Brendan Kelly’s Buddhism and Psychiatry is a bold and timely book that situates the contemporary fascination with mindfulness within a broader and more textured dialogue between Buddhist thought and psychiatric practice. Kelly begins with the ‘rise and rise of mindfulness’ and its diffusion into healthcare, education and everyday culture (p. 3). While he acknowledges its therapeutic usefulness, he also cautions against its oversimplification: ‘Mindfulness is not passive; it is active. It means tuning in, not dropping out’ (p. 4). This insight sets the stage for a book that insists mindfulness is but one thread in the complex tapestry linking Buddhism and psychiatry.

The book’s central aim is to explore how Buddhist philosophy – particularly ideas of dukkha (unsatisfactoriness), impermanence (anicca) and non-self (anattā) – can enrich psychiatric understandings of suffering. In doing so, Kelly fulfils his promise to move beyond mindfulness as a commodified wellness tool and instead to recover its ethical and philosophical roots. The chapter on mental disorder offers a striking comparison between Buddhist conceptions of suffering and psychiatric frameworks such as DSM-5-TR and ICD-11. Kelly reminds us that ‘diagnosis is a very human process’ (p. 10) that should be aimed at understanding rather than categorising. By placing Buddhist insights alongside psychiatric criteria, he calls for humility, flexibility and compassion in clinical practice.

One of the book’s most engaging sections is the discussion of equanimity (upekkhā), framed as both a Buddhist ‘immeasurable’ and a quality vital for contemporary mental healthcare (pp. 69–74). Similarly, his treatment of Tibetan practices and the Abhidharma (pp. 51–4) demonstrates originality, extending the conversation well beyond the well-worn terrain of mindfulness-based interventions.

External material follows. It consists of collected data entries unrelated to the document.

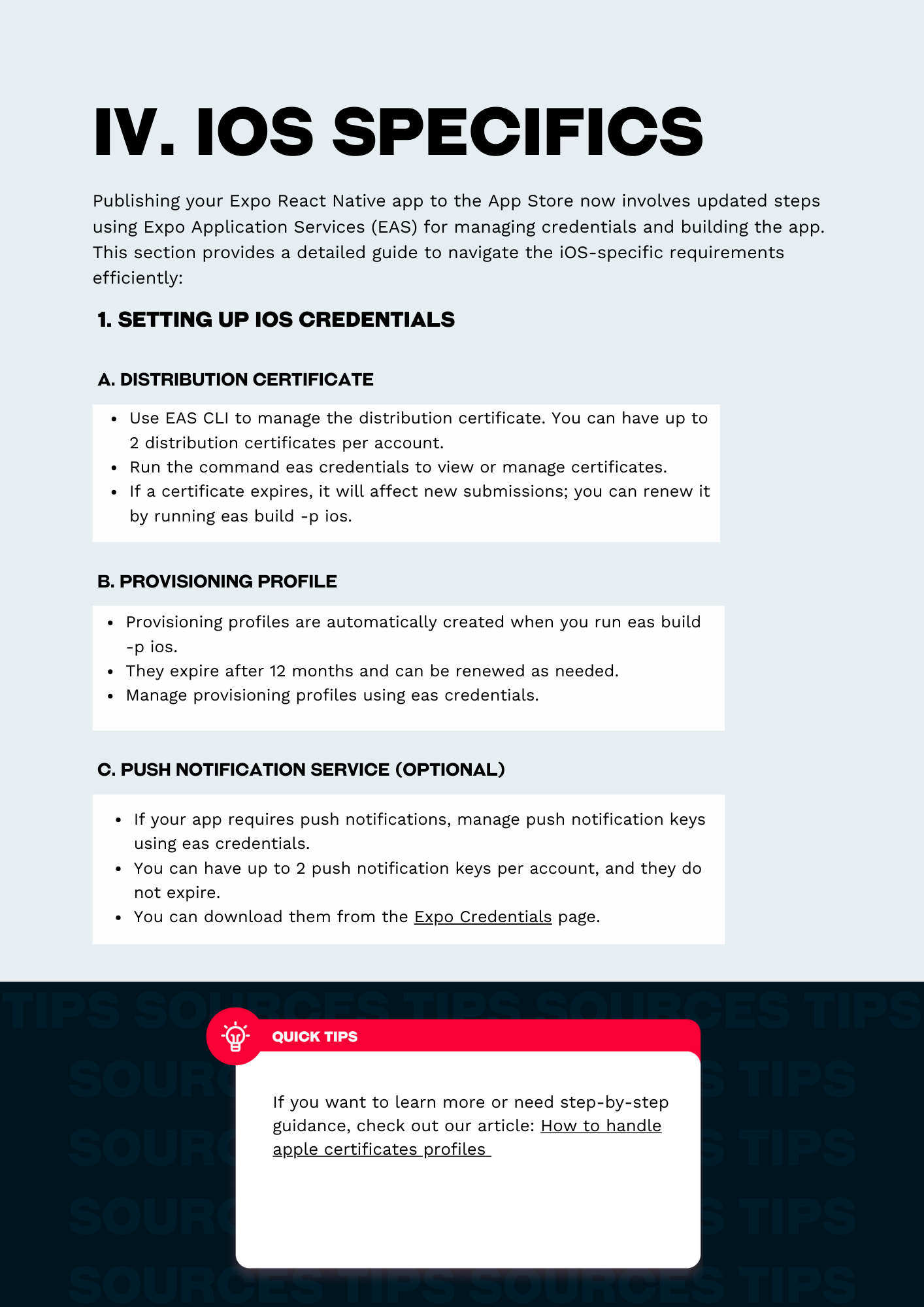 Platform-Specific Insights: Ensure your app meets all iOS and Android requirements, with guidance on provisioning profiles, certificates, and keystores.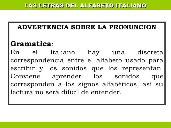 Taller De Lengua Y Cultura Italiana Upn L Alfabeto Italiano La Pronuncia E L Accento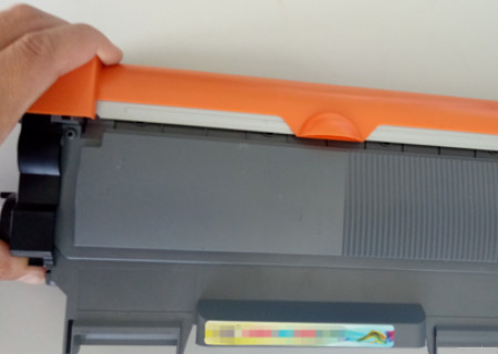 2、旋转上盖露出加碳粉口,握住碳粉瓶来回摇晃几下使碳粉均匀,然后去除瓶身的橙色固定材料。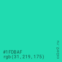 Цвет #1FDBAF в цветовой модели RGB обозначается тремя октетами (31, 219, 175) в десятичном формате и #1FDBAF в шестнадцатиричном (hex) формате, которые являются интенсивностью красного 31 (hex 1F), интенсивность зелёного 219 (hex DB) и интенсивность синего 175 (hex AF).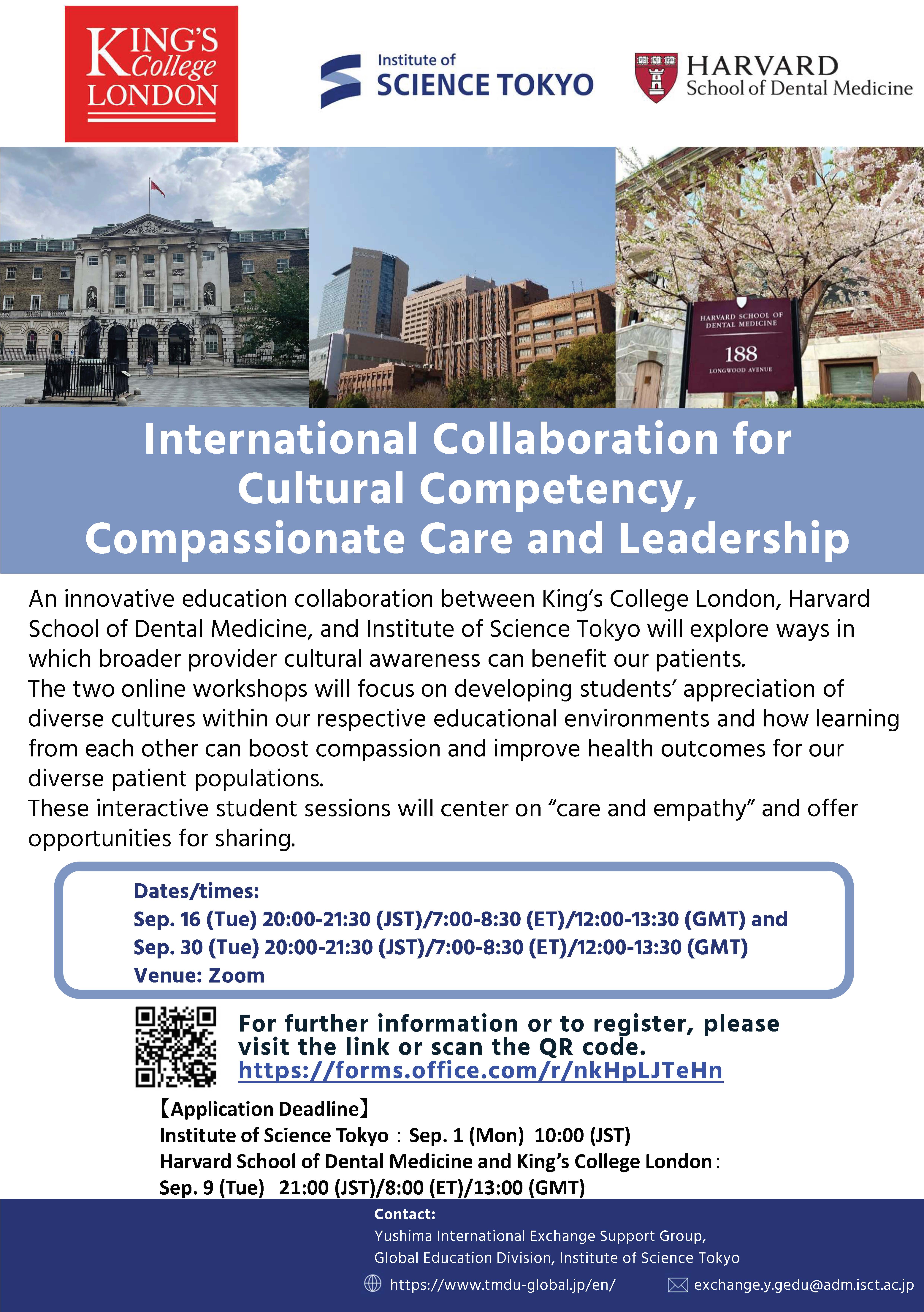An “International Collaboration for Cultural Competency, Compassionate Care and Leadership” workshop took place on Tuesday, 16th and 30th September 2025. Students at Institute of Science Tokyo (Science Tokyo), King’s College London (King’s), and Harvard School of Dental Medicine (HSDM) joined this session. In the first session, a faculty member from King’s joined online and kindly gave a lecture about cultural competency, care, and empathy. Students were then given tasks related to care and empathy in a non-dental/medical environment and asked to work within their groups to prepare presentations. In the second session, students from the three universities gathered again to share their presentations, which included video and still photos of places of interest in Boston/London/Tokyo. This helped deepen their understanding of cultural competency, compassionate care and leadership.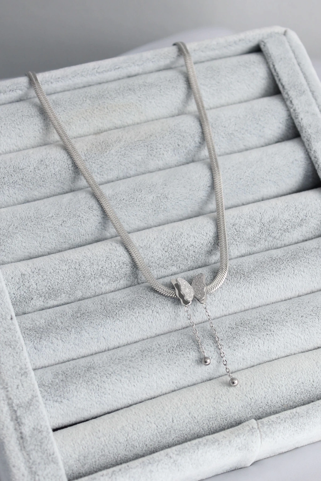 BFS 316L Çelik Gümüş Renk İtalyan Zincir Model Simli Kelebek Figür Kadın Kolye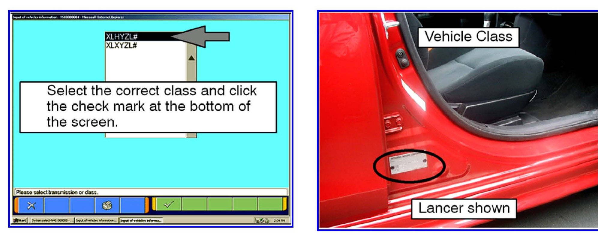 8. If it was not completed automatically, input the vehicle class. Click on the CLASS button, select the appropriate class from the menu and then click the check mark at the bottom of the page.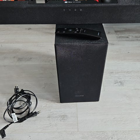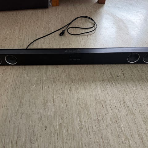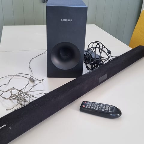 LG lydplanke med subwoofer i sølvfarge. Lydplanken har flere tilkoblingsmuligheter, blant annet HDMI og optisk inngang (basert på synlige porter på bildene). Medfølgende subwoofer er trådbundet til lydplanken. Egnet til bruk sammen med TV eller annet lyd-/bildeutstyr som støtter de tilgjengelige tilkoblingene. Nærmere modellbetegnelse og effekt er ikke oppgitt.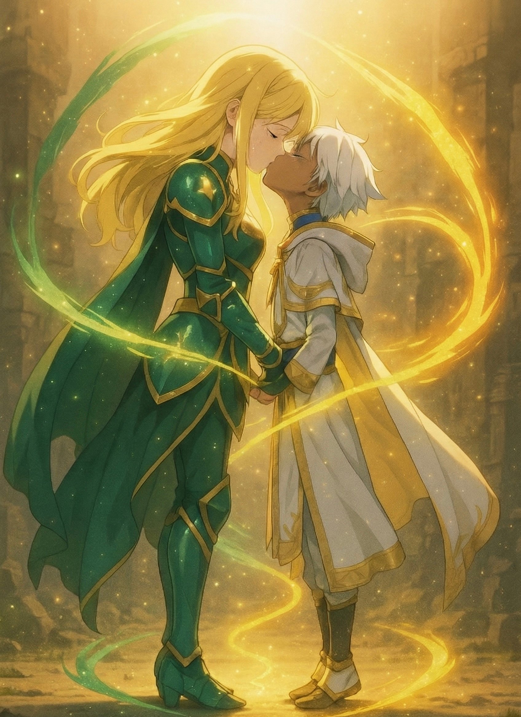 体格差、特にトキが背伸びしているところを描くのに相当プロンプトひねくりまわしました。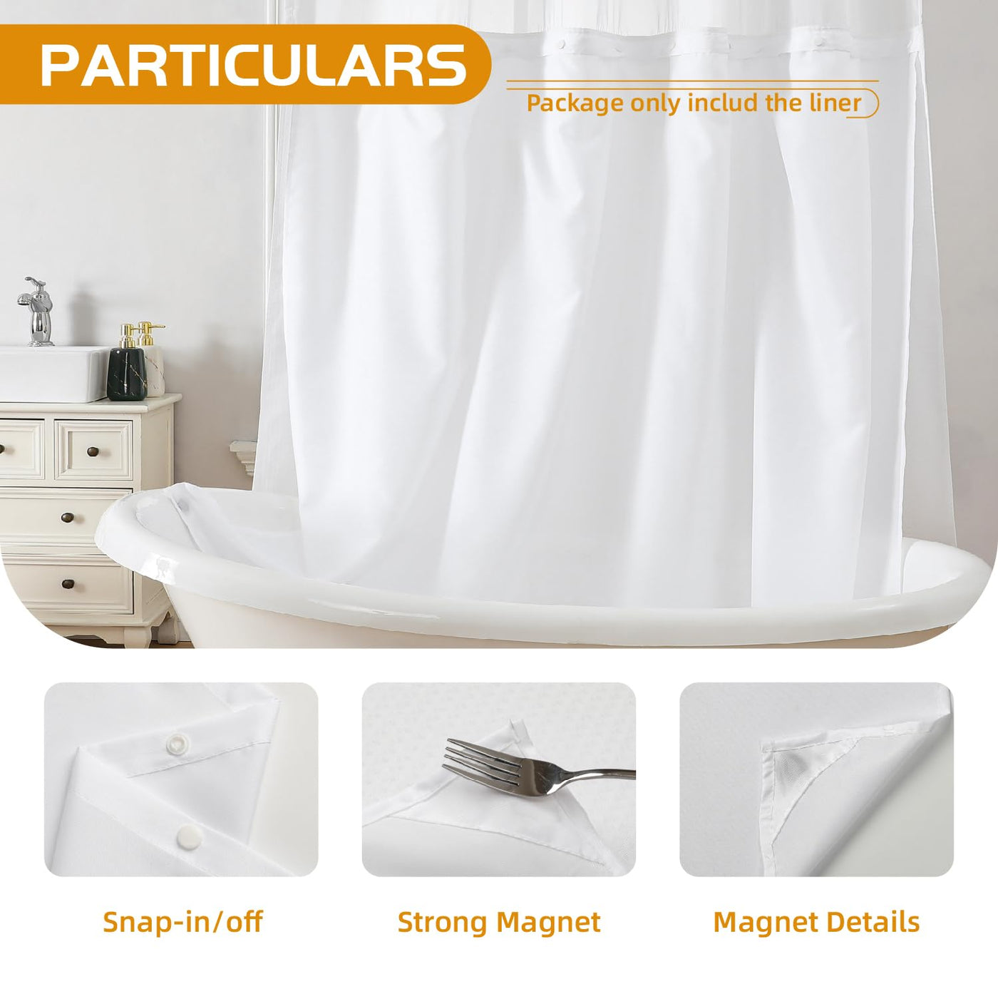 ? Package contains: EACHOPE Fabric Shower Curtain Liner with Snap;Shower curtain and hooks not included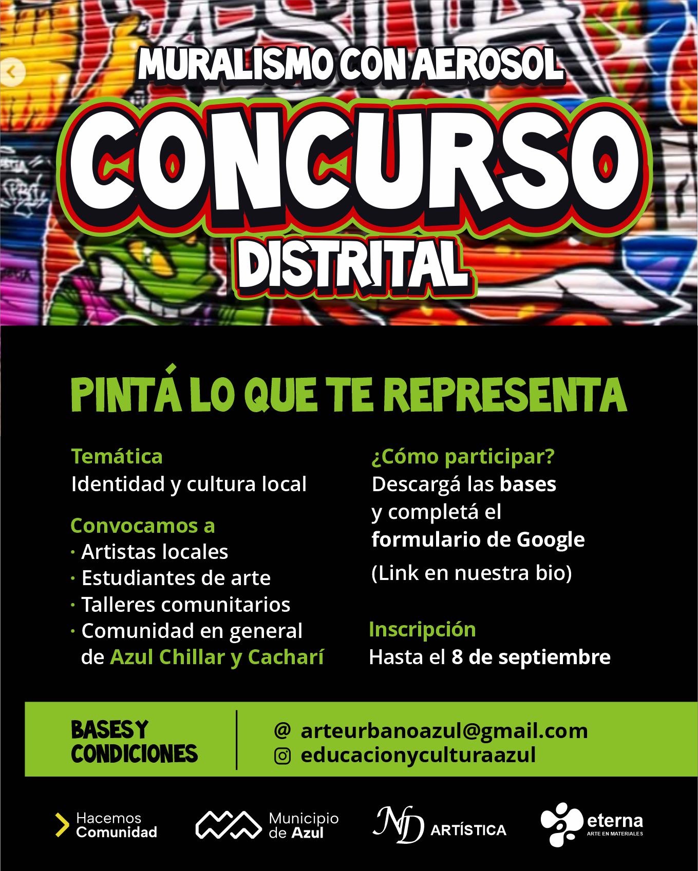 El Municipio, en conjunto con ND artística, con la colaboración de Pinturas Eterna y la línea de aerosoles Bestia, diseñada para arte urbano, muralismo y graffiti profesional, abren la convocatoria para el concurso Distrital de Arte Urbano bajo la temática: Identidad y cultura local.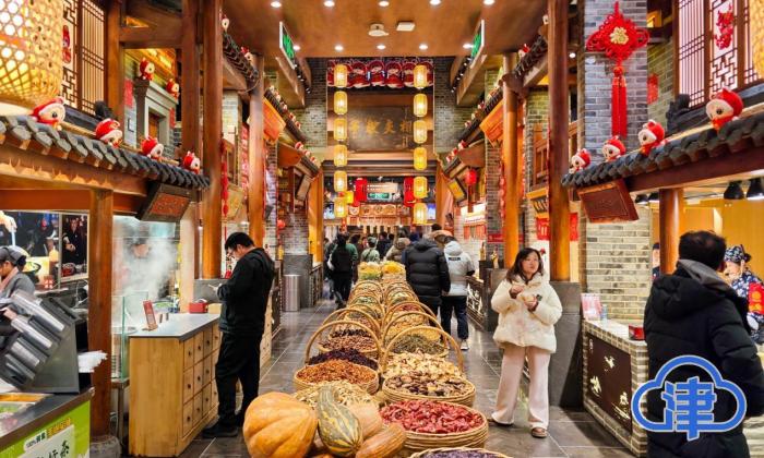 天津北方网讯:1月6日晚,“瓣瓣同心京津冀 欢欢喜喜过大年”主题宣传联合采访活动走进河北省唐山市,第一站就来到了“能吃的博物馆”——唐山宴。这座饮食文化博物馆不仅美食荟萃,还有民俗展示、非遗体验,和各种文化展演,同时还是随手出片的网红打卡地,堪称唐山的文化地标。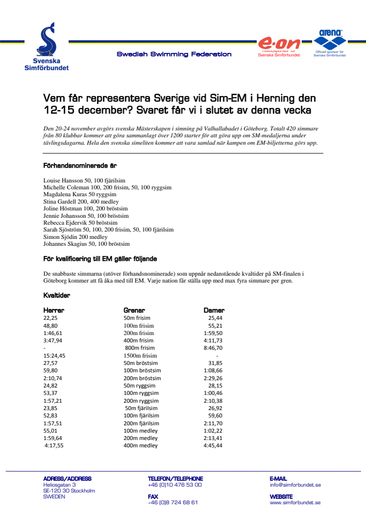 Vem får representera Sverige vid Sim-EM i Herning den 12-15 december? Svaret får vi i slutet av denna vecka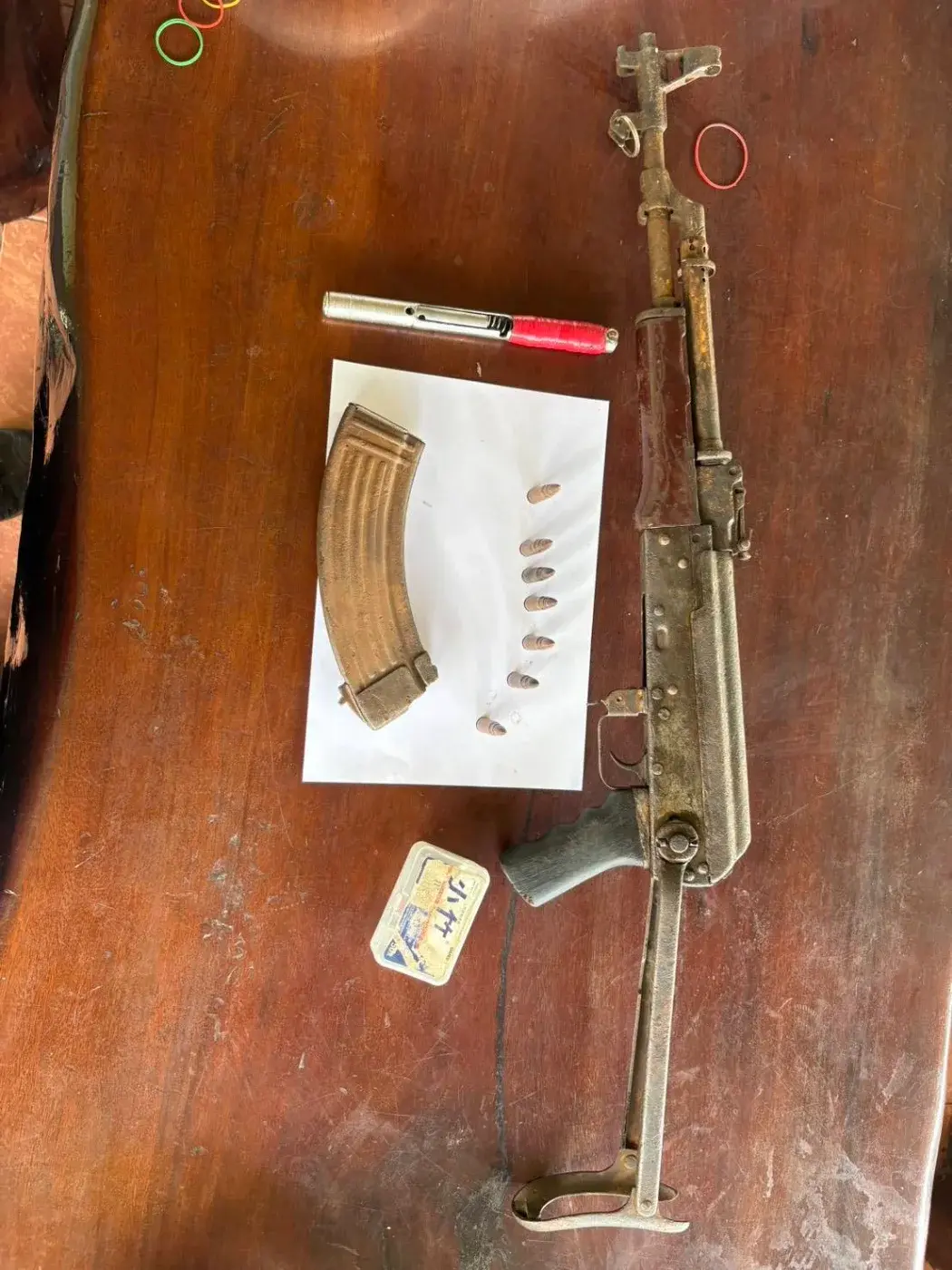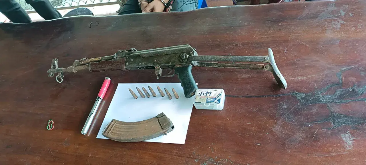 จากการเข้าตรวจค้น เจ้าหน้าที่สามารถจับกุม นายทัตพงศ์ หรือ “เขต” เพชรลูก อายุ 21 ปี ชาวเหนือคลอง พร้อมของกลางหลายรายการ ได้แก่ ยาบ้า 1 เม็ด ซุกซ่อนในกระปุกหัวเตียง อาวุธปืนสงคราม AK-47 (อาก้า) 1 กระบอก ลำกล้องยาว 14 นิ้ว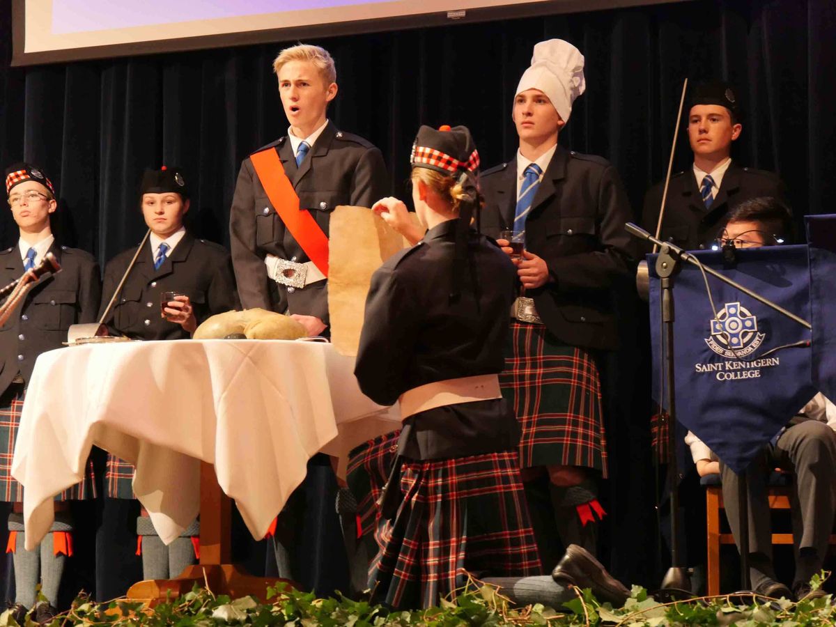 Prior to dinner, our drummers stepped up to the front to give an amazing display of precision drumming before the guests were all upstanding and their glasses charged as the haggis was piped in, addressed and toasted. This year, Year 12 student, Fraser McEwen gave a brilliantly animated recitation of Robbie Burns’ ‘Ode to the Haggis’ before said haggis was placed on the dinner table for all to try. The annual Haggis aficionados’ discussion then got underway with this year’s ‘brew’ passing muster!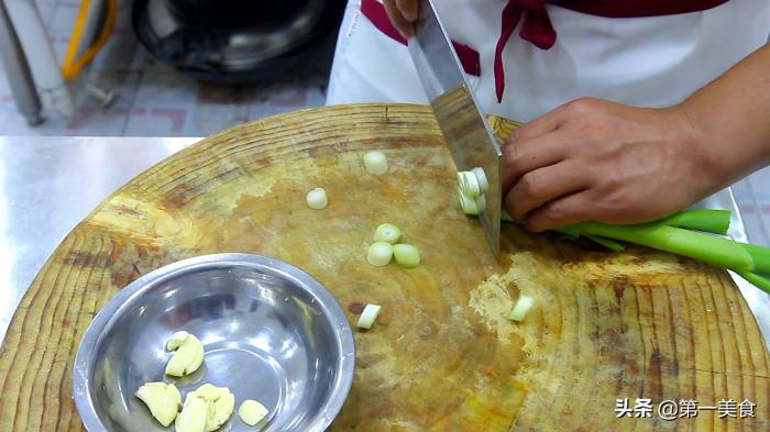 大蒜拍扁,大葱切丁,放一起备用,小葱一根,切成葱末备用。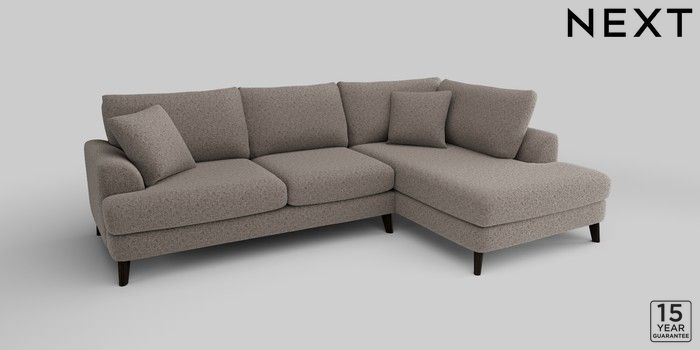 6.10.9 Buy Parker Medium Corner Chaise - Right Hand Chunky Chenille Mink Brown Low Retro Tapered - Dark from the Next UK online shop Click here to use our accessible website

Kelly writes with clarity, weaving clinical experience with scholarship in a style that is accessible to both specialists and general readers.

The book’s strengths lie in its scope, originality and readability. It offers a valuable corrective to psychiatry’s over-reliance on rigid diagnostic categories, encouraging instead a perspective grounded in impermanence and relationality. For psychiatrists, psychologists and allied professionals, the book provides both intellectual stimulation and practical guidance on integrating compassion into everyday care.

At the same time, limitations exist. The critique of mindfulness’s commodification, while present, might have benefited from deeper engagement with Buddhist voices from Asia, where questions of cultural appropriation and distortion are most keenly felt. Additionally, the breadth of themes occasionally results in brevity, leaving some discussions suggestive rather than fully developed.

Personally, reading this book has reshaped how I think about psychiatry’s role. The Buddhist reminder that ‘all will change’ (p. 21) urges me to treat diagnoses as provisional rather than permanent labels. More importantly, Kelly’s reflection that ‘we suffer together and so we heal together’ (p. 25) reinforces compassion as the ethical cornerstone of mental healthcare.

Ultimately, Buddhism and Psychiatry is a reflective and provocative invitation: to see psychiatry not only as a science of illness but as a shared human quest to alleviate suffering with wisdom, humility and care.